### PROBLEM DETAILS
Retype the material that follows exactly, limited to the lines from the one with "RITTER SPORT 是德國家族的朱古力品牌,以它色彩繽紛、美味可口的朱古力而聞名,被分成" through the one with "New Rebdolls halter", and keep out all pictures.

══ PROVIDED DATA ══

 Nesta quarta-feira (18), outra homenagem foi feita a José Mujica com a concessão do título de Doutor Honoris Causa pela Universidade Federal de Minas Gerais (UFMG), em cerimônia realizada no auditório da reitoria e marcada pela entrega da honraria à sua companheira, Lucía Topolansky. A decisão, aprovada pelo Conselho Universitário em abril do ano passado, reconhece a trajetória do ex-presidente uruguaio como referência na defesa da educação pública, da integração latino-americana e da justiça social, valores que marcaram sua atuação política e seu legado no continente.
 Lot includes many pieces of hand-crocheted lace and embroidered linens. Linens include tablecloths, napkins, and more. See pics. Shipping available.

═══
══ PROVIDED DATA ══

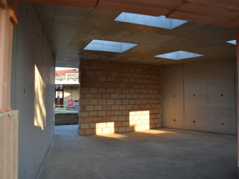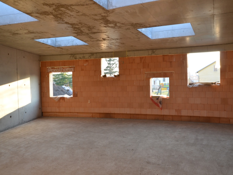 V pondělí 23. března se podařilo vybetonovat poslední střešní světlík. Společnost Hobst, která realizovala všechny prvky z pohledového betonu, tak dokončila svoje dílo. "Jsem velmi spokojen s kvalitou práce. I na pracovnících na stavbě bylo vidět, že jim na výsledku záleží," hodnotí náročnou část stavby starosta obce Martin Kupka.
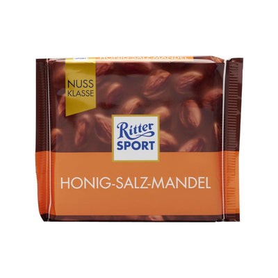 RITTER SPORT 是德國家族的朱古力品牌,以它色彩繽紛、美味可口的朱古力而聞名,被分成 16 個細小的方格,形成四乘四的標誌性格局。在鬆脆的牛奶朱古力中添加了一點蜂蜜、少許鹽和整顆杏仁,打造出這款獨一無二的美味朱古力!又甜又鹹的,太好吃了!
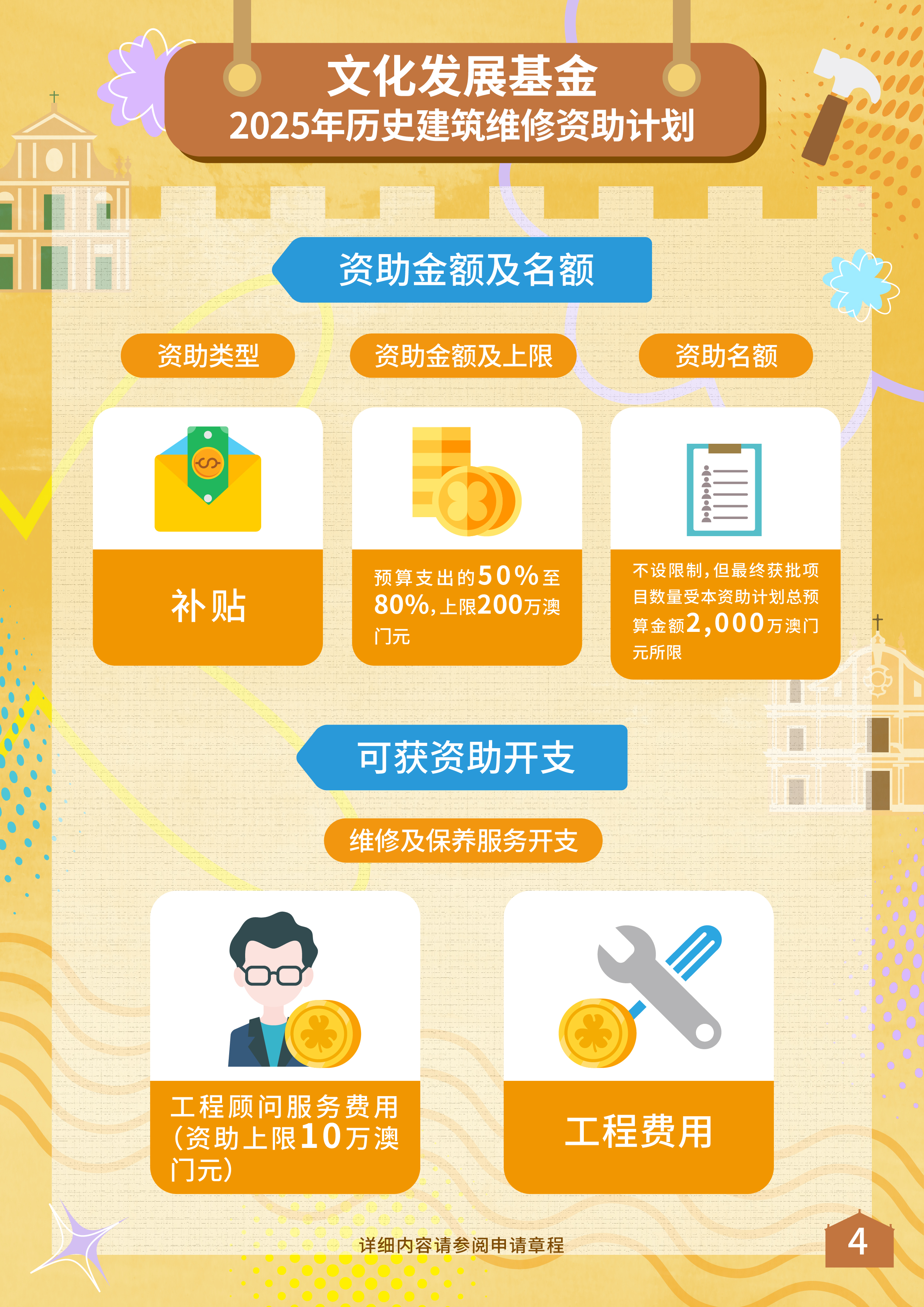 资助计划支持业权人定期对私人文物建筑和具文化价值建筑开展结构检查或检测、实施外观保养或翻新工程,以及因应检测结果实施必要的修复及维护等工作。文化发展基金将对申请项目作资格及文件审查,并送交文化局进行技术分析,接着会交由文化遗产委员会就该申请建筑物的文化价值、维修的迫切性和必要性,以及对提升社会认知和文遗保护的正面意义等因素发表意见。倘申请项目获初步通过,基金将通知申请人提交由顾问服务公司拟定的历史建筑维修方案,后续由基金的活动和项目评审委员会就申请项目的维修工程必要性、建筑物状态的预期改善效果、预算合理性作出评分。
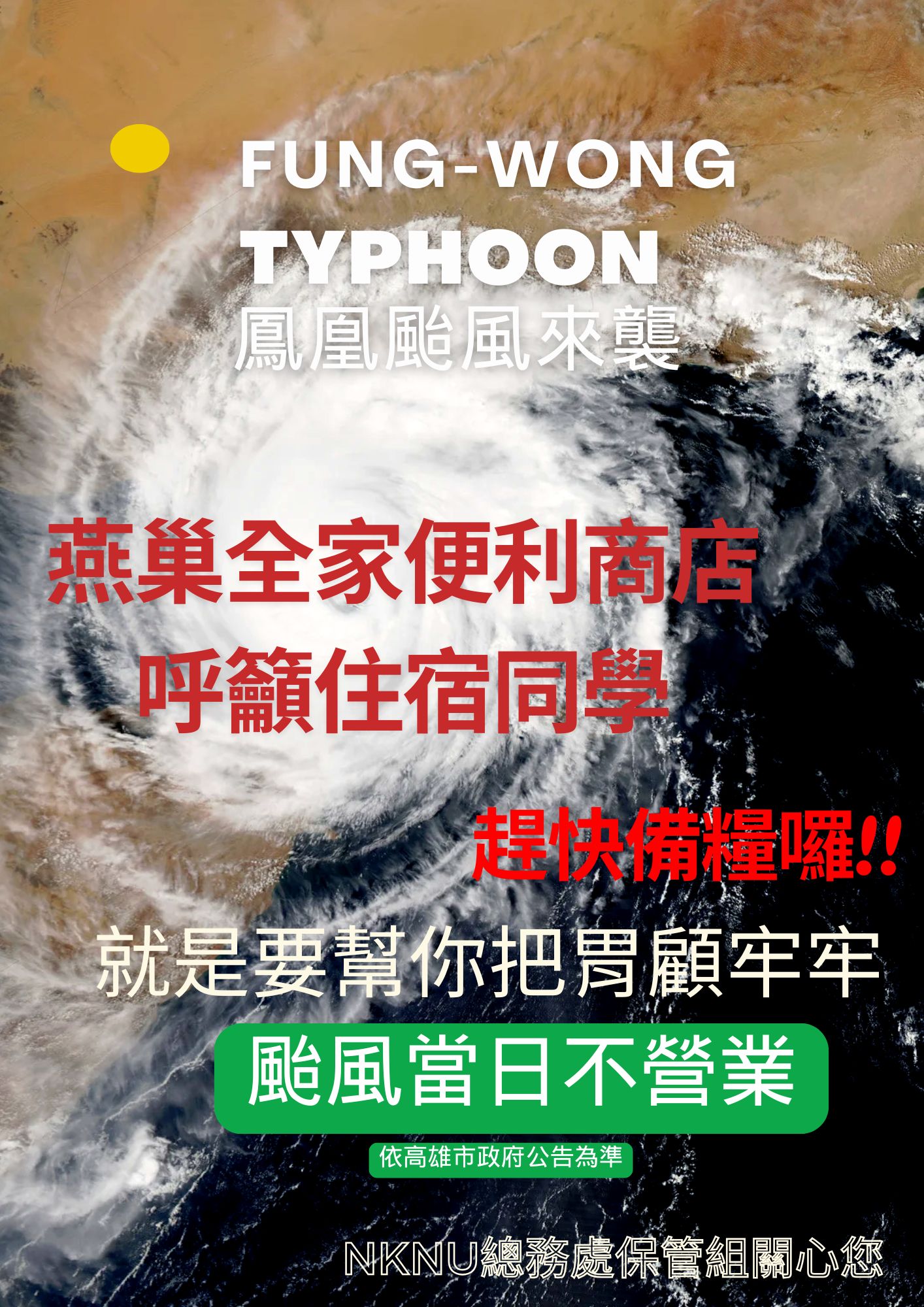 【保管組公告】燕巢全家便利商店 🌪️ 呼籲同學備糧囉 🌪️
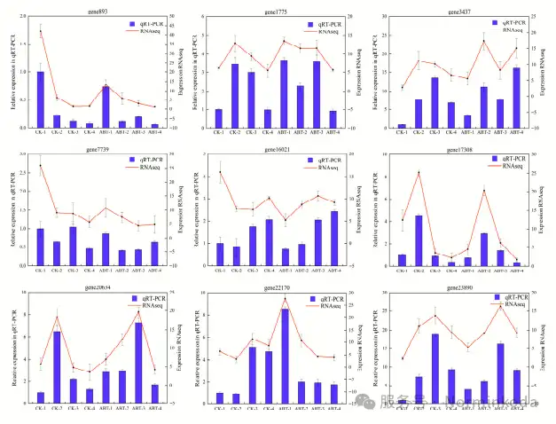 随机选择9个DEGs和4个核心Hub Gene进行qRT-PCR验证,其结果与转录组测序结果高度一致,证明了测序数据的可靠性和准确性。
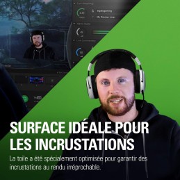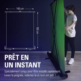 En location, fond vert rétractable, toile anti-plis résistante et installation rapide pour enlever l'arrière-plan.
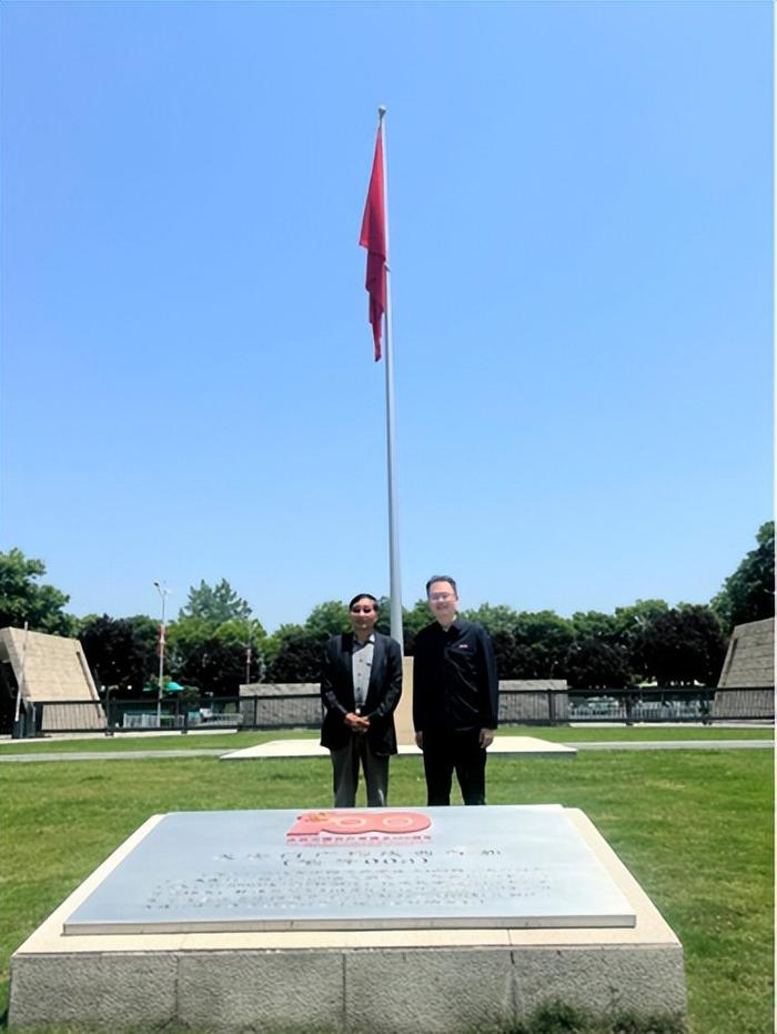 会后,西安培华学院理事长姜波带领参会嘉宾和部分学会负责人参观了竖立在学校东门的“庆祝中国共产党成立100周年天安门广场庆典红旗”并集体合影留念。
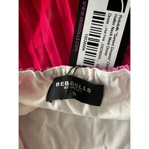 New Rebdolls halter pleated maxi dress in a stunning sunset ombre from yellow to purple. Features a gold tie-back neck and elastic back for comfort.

═══

### RESULT FOR THIS TASK
 RITTER SPORT 是德國家族的朱古力品牌,以它色彩繽紛、美味可口的朱古力而聞名,被分成 16 個細小的方格,形成四乘四的標誌性格局。在鬆脆的牛奶朱古力中添加了一點蜂蜜、少許鹽和整顆杏仁,打造出這款獨一無二的美味朱古力!又甜又鹹的,太好吃了!
 资助计划支持业权人定期对私人文物建筑和具文化价值建筑开展结构检查或检测、实施外观保养或翻新工程,以及因应检测结果实施必要的修复及维护等工作。文化发展基金将对申请项目作资格及文件审查,并送交文化局进行技术分析,接着会交由文化遗产委员会就该申请建筑物的文化价值、维修的迫切性和必要性,以及对提升社会认知和文遗保护的正面意义等因素发表意见。倘申请项目获初步通过,基金将通知申请人提交由顾问服务公司拟定的历史建筑维修方案,后续由基金的活动和项目评审委员会就申请项目的维修工程必要性、建筑物状态的预期改善效果、预算合理性作出评分。
 【保管組公告】燕巢全家便利商店 🌪️ 呼籲同學備糧囉 🌪️
 随机选择9个DEGs和4个核心Hub Gene进行qRT-PCR验证,其结果与转录组测序结果高度一致,证明了测序数据的可靠性和准确性。
 En location, fond vert rétractable, toile anti-plis résistante et installation rapide pour enlever l'arrière-plan.
 会后,西安培华学院理事长姜波带领参会嘉宾和部分学会负责人参观了竖立在学校东门的“庆祝中国共产党成立100周年天安门广场庆典红旗”并集体合影留念。
 New Rebdolls halter pleated maxi dress in a stunning sunset ombre from yellow to purple. Features a gold tie-back neck and elastic back for comfort.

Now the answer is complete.